Cape Town – For the first time in two decades, NEITHER of the Currie Cup’s traditional “big two” in history, Western Province and the Blue Bulls, have cracked the knockout phase.
Between them, Province (34 titles) and the Bulls/Northern Transvaal (23) have hugely monopolised the trophy in the time-honoured premier domestic competition.
While Pote Human’s charges not making the cut in 2019 has been on the cards for a while – they ended sixth, just one point clear of the basement Pumas – WP were still in very realistic contention ahead of their closing league fixture against the Cheetahs in Bloemfontein on Saturday.
But John Dobson’s team somehow contrived to turn a hugely promising 33-12 lead after 46 minutes into a costly 38-33 reverse as the Cheetahs heroically bounced back with four unanswered tries, outlasting the Capetonians in an often breathless encounter.
Soon to be turning their attention to the Pro14, beginning in late September, simultaneously the central franchise turned the rising threat of not making the last four at all into dramatic top-dog status on the final table, meaning rights not only to a home semi against the Sharks next Saturday (17:15) but also hosting the potential Bloemfontein showpiece a week onward.
The second-placed Lions, who pipped hitherto pace-setting Griquas 27-26 with a late penalty in Kimberley, now entertain the very same foes in Johannesburg in the earlier kick-off (15:00).
It must have been a gut-wrencher for Brent Janse van Rensburg’s largely unsung, superstar-shy outfit to be deprived of one home knockout fixture, at least, at the eleventh hour.
But at the same time, they should not travel to the Big Smoke feeling they have very little chance of toppling the bigger union: some of their best results this year have been on the road, including a 37-13 first-round thumping of the Sharks in Durban and 37-15 triumph over the Bulls in Pretoria.
The Lions, for their part, have been strangely fallible at home, losing two of their three Ellis Park games (to the Bulls and Sharks), while earning a perfect three-out-of-three record away -- so we could still see a humdinger in that semi.
A lot of neutrals are likely to throw their weight behind Griquas for nostalgic reasons, considering that the rather more minnow outfit last won the Currie Cup in their iconic year of 1970, and not been so much as runners-up since.
Whilst the Cheetahs, winners for the last time in 2016, will feel confident about the visit of the Sharks, it must be remembered that the Durban team are defending champions, and finalists in each of the last two seasons; many of their players will be well-versed in knockout pressure.
But the absence of both Province and the Blue Bulls from the knockouts is still a conspicuous feature: the first time both have been shoved to the margins at that level together since as far back as 1999.
In a much more expanded, 14-team competition that year, the Bulls finished fifth on the table and WP as low as 11th; the Golden Lions were the eventual champions, trouncing the Sharks 32-9 in the Kings Park final.

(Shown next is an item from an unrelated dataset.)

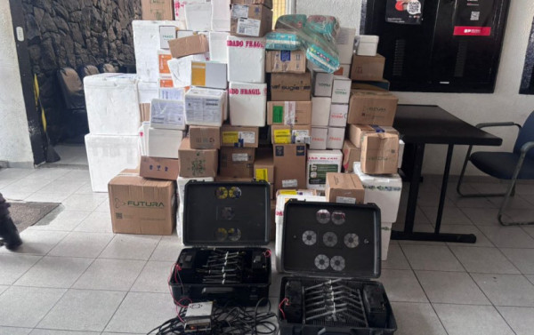 No bagageiro do veículo, os policiais encontraram 151 caixas com diversos produtos farmacêuticos, entre eles canetas emagrecedoras, além de malas com bloqueadores de sinal, equipamento usado para impedir o rastreamento do automóvel. A carga e o veículo foram apreendidos e encaminhados à delegacia.
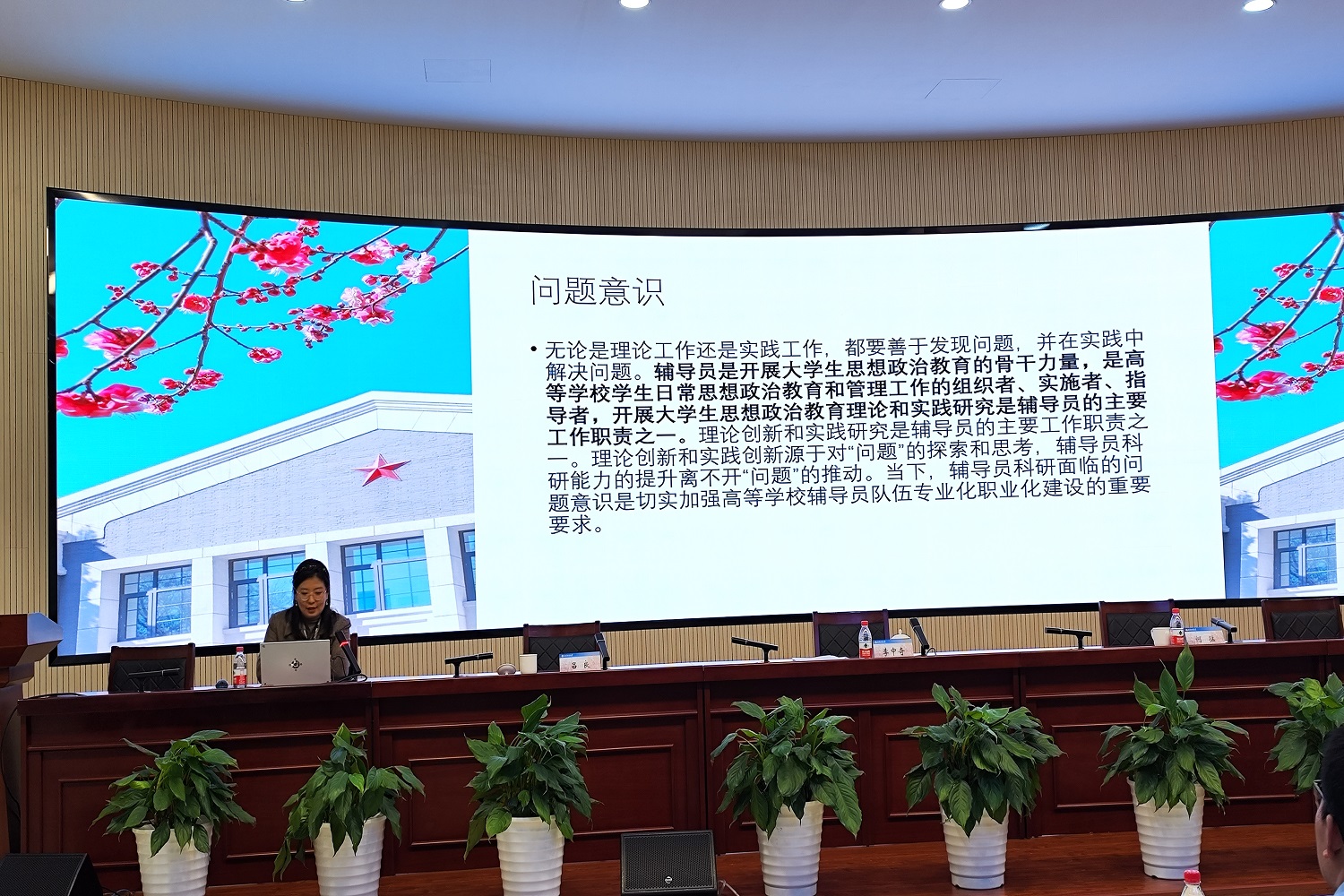 趙春麗教授以《高校輔導員成功申報課題的“三力”與“三氣”》為題,從學校發展與輔導員個人發展兩個角度,解讀了輔導員如何從工作的日常實際、大學生的思想與生活動態以及校園內的各類現象提出問題、凝練問題、產生選題,同時,她還為輔導員詳細解讀了課題申報書各部分填報的注意事項等,為輔導員從科學研究角度看待工作、理解工作提供了思路、開闊了視野。

Province failing to make the last four serves as a reminder of how important it will be that the cash-challenged union hold onto as many of their senior Springbok squad personnel as possible for 2020’s Super Rugby campaign, Dobson’s first as head coach at that level.
As for the Bulls, this Currie Cup failure serves as a nasty comeuppance after their side in the broader southern hemisphere competition this year had been the best-performing strictly South African one (the Jaguares won the conference), and plucky losing quarter-finalists – but a raft of quality players have since moved on and a painstaking rebuilding phase has been necessary.